We need to know how fast the individual economies are growing relative to other economies? For example; is China’s GDP larger than that of the US GDP? And, what is the real rate of growth of their respective economies?
On the surface it seems quite simple; just look at the official release of data on the respective economies and GDP? But thera is one major obvious problem – beside many other underlying and ‘not-so-obvious’ issues, in understanding and decoding the real relative state of various economies is the matter of currency conversion rates.
When it comes to comparing the national economies of different countries by their Nominal GDP, converting its value into a common currency—typically the US dollar, presents a very ’unrealistic’ picture, since all other currencies in the world relate to the US dollar—and, the US dollar itself is not measured in any tangible manner.
Further, currency conversions rates – or the market rates as they are commonly described, are ‘fixed’ to gain an edge in global commerce.

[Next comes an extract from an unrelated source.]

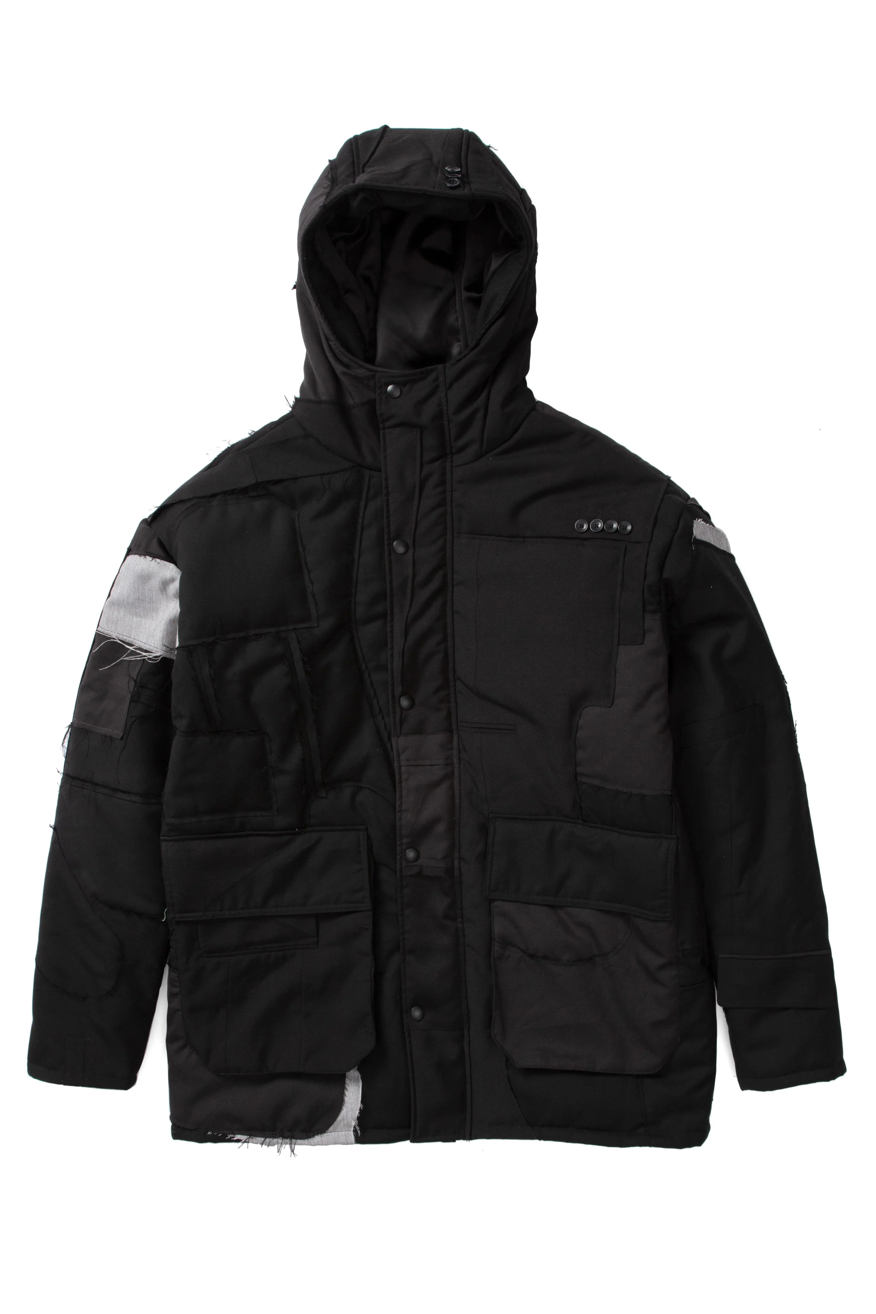 The Fragmented Parka is 100% cotton with distressed, repaired and repurposed suiting. Features traditional fit throughout. Follow your normal size. Processing takes 1-2 days, shipping in the US 3-4 days, internationally 7-10 days.

And, in case of the US Dollar—which is the dominant global trade settlement currency, and also the dominant global reserve currency, its value is just the matter of perception!
Therefore, in reality, when we look at the GDP of ‘non-US Dollar’ economies, we are looking at—somewhat, a manipulated and distorted image of the real GDP.
The problem is that a distorted view of the global relative economies and GDP is not very conducive in the decision making process—especially when the large sums of capital investment or business prospects are involved.
It is therefore pertinent that businesses have in place a mechanism to filter out the distortions and be able to see and understand the real state of the GDPs of the target economies, their various components and the inclusions and exclusions etc.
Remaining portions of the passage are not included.